● WHAT YOU ARE ASKED TO DO
The exercise calls for exact output of the lines between the one that contains "The Department of" and the end of the data, with both ends kept and pictures left out.

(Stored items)

+ + + +

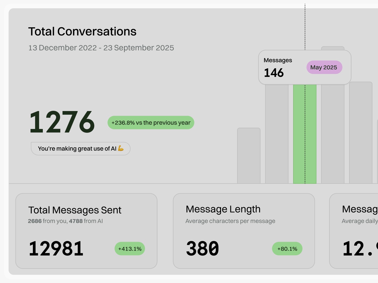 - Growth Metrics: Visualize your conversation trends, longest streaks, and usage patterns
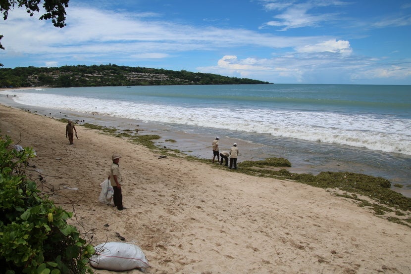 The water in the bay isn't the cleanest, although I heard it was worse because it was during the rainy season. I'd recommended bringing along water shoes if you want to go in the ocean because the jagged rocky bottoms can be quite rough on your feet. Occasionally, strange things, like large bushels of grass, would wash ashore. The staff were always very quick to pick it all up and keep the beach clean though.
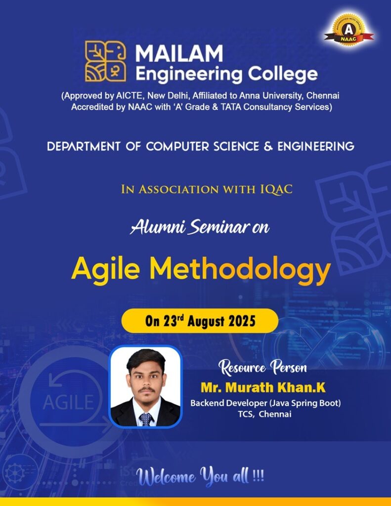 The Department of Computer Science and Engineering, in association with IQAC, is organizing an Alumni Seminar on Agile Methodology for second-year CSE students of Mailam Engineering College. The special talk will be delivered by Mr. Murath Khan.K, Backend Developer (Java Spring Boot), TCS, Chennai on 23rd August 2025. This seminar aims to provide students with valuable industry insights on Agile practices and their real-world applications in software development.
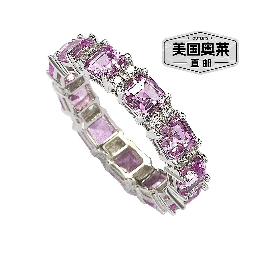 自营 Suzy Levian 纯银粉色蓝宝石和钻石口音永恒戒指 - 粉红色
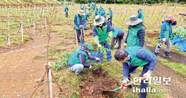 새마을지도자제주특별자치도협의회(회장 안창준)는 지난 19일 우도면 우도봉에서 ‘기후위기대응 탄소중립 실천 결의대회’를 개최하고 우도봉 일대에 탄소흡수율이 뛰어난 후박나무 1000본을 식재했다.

+ + + +

● WRITTEN RESPONSE
 The Department of Computer Science and Engineering, in association with IQAC, is organizing an Alumni Seminar on Agile Methodology for second-year CSE students of Mailam Engineering College. The special talk will be delivered by Mr. Murath Khan.K, Backend Developer (Java Spring Boot), TCS, Chennai on 23rd August 2025. This seminar aims to provide students with valuable industry insights on Agile practices and their real-world applications in software development.
 自营 Suzy Levian 纯银粉色蓝宝石和钻石口音永恒戒指 - 粉红色
 새마을지도자제주특별자치도협의회(회장 안창준)는 지난 19일 우도면 우도봉에서 ‘기후위기대응 탄소중립 실천 결의대회’를 개최하고 우도봉 일대에 탄소흡수율이 뛰어난 후박나무 1000본을 식재했다.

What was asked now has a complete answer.